Me gustaría intentar identificar ahora alguno de los factores que constituyen esta particular sensibilidad metodológica, ya que resulta imposible presentar, aunque sea sólo sucintamente, los múltiples temas que han ocupado al cardenal Ratzinger y menos aún confrontarlos con el panorama teológico-cultural de los últimos decenios.

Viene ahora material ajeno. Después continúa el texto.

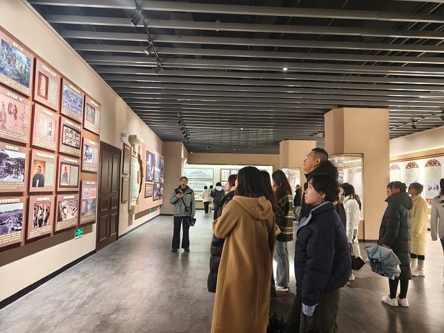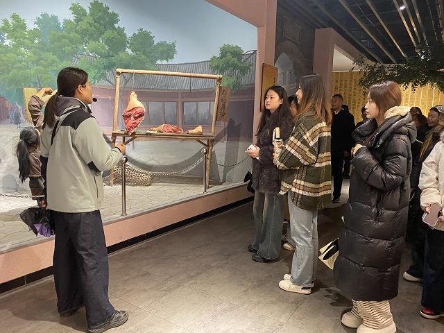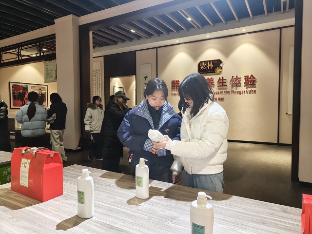 紫林醋工业园坐落于“中国醋都”清徐县,是山西老陈醋的发源地。师生一行首先参观了三晋醋苑主题展览馆,该馆建筑面积达3000平方米,通过序厅、世界醋史、贯中堂、紫林印象、醋乐汇五大篇章,系统展示了醋的历史文化底蕴。在制醋车间,学生们见证了传统工艺与现代技术的完美融合。醋酸发酵采用手工翻缸与机械化发酵相结合的方式,自主研发的翻醅机工作效率相当于30名工人,57米长的发酵池仅需半小时即可完成翻醅,彰显了工业化生产的巨大优势。陈酿车间展示了山西老陈醋“蒸、酵、熏、淋、陈”五大核心技艺。通过“夏伏晒、冬捞冰”的陈酿工艺,经过12个月以上的陈酿期,四斤原醋才得一斤成品,让学生们深刻体会到“愈陈愈香”的品质追求。

a) Cultura: conexión intrínseca entre Revelación e historia
El primero de estos factores es cómo Ratzinger propone, con un lenguaje accesible al hombre de hoy, el núcleo central de la fe sin abandonar el dato dogmático. Tal factor se basa, sobre todo, en una concepción del dogma entendido como una “realidad capaz de infundir fuerza en la construcción de la teología y no, sobre todo, como vínculo, como negación y límite extremo. La dimensión cultural propia del hecho cristiano no se concibe, por tanto, como una mediación entre Revelación e historia sino que, respetando las debidas distinciones, es intrínseca al movimiento con el que el acontecimiento de Cristo, al comunicarse en la realidad, interpela al hombre y a la historia. De este modo, la teología no es algo desencarnado: “He tratado, todo lo que me ha sido posible, de poner claramente en relación lo que enseñaba con el presente y con nuestro esfuerzo personal”. Esta actitud lleva a Ratzinger a “exponerse”” para ponderar críticamente el presente de la Iglesia y de la sociedad, pero no quita carácter científico a su trabajo teológico. Al contrario, lo llena de interés para el lector no especialista. También por esto Ratzinger figura entre los católicos más leídos en los círculos culturales laicos. Un buen ejemplo de esta sensibilidad es la intervención que tuvo el cardenal el 5 de mayo de 1997 en la basílica de San Juan de Letrán en Roma, en el contexto de la misión ciudadana para la preparación al Gran jubileo. Recorriendo la narración de las tentaciones de Jesús, tuvo que explicar en un determinado momento la relacionada con el hambre.